ICYMI: Lots of Gorillas, Swine Flu Delivered by Drone & Infested Wreaths
A weekly roundup for busy people
Mountain gorilla numbers continue to rise—there are now 1,063 in Uganda, Rwanda, and Congo.
Record numbers of loons are spotted in New England.
The US Department of Energy is now referring to domestically produced methane gas as “freedom gas.”
Any climate advantages that natural gas may have are offset by the methane leaks that occur across its supply chain.
A 2018 blowout at a fracked gas well in eastern Ohio is found to have leaked twice as fast as the 2015 leak at California’s Aliso Canyon.
Major oil companies are ramping up their production of plastic.
California now has 1 million rooftop solar systems.
The United Nations Climate Change Conference, known as COP25, wraps up in Madrid with very little progress and no major breakthroughs.
A storm strews Drake’s Beach in California’s Point Reyes National Seashore with thousands of marine creatures, the polite name for which is “fat innkeeper worms.”
Ocean waters off California are acidifying twice as fast as the global average.
The average maximum temperature in Australia on December 18 is 105.62ºF, with some parts of the interior topping 115º.
Kansas City, Missouri, makes its public transit free.
Chinese gangs are using drones to spread swine flu so that they can buy infected pigs cheaply.
White Sands National Monument is becoming the 62nd national park.
A Texas man steals 11 pounds of liquid mercury and tries to sell it on the street.
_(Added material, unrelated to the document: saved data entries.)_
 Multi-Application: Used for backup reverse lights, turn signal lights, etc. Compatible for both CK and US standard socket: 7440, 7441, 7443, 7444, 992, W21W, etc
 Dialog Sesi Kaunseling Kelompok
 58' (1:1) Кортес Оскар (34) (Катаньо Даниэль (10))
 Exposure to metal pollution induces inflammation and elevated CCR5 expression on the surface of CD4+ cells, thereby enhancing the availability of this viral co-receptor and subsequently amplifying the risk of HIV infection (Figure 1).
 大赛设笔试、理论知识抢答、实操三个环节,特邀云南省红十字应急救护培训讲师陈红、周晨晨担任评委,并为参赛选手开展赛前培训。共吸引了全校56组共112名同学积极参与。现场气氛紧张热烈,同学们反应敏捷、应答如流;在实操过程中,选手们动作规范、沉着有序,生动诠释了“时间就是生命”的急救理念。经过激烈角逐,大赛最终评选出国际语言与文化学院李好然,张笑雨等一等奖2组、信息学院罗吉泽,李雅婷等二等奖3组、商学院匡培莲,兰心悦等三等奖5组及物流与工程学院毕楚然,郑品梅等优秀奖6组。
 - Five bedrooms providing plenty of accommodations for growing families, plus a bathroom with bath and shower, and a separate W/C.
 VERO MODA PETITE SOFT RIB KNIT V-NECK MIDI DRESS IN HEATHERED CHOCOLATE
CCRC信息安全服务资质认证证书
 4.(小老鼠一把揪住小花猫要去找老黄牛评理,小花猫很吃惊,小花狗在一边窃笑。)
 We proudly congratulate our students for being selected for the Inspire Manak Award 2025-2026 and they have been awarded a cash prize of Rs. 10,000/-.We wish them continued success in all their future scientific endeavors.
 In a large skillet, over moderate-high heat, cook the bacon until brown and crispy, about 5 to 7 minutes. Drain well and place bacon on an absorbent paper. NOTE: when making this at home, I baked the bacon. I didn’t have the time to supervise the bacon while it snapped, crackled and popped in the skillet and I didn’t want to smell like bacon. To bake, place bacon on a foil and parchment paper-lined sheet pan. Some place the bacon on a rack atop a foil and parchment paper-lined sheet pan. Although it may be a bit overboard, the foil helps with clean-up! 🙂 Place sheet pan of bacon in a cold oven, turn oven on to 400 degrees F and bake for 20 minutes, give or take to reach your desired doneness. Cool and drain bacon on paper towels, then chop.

Sixty people required decontamination as a result.
The worst drought in a century reduces the Zambezi River’s flow at Victoria Falls to a trickle.
Goldman Sachs will not finance oil and gas drilling in the Arctic, including in the Arctic National Wildlife Refuge.
Some Christmas wreaths brought to South Dakota from the southern US are infested with elongate hemlock scale, an invasive pest that can damage hemlock, fir, and spruce trees. State authorities are asking that the wreaths be destroyed, but not until after the holidays.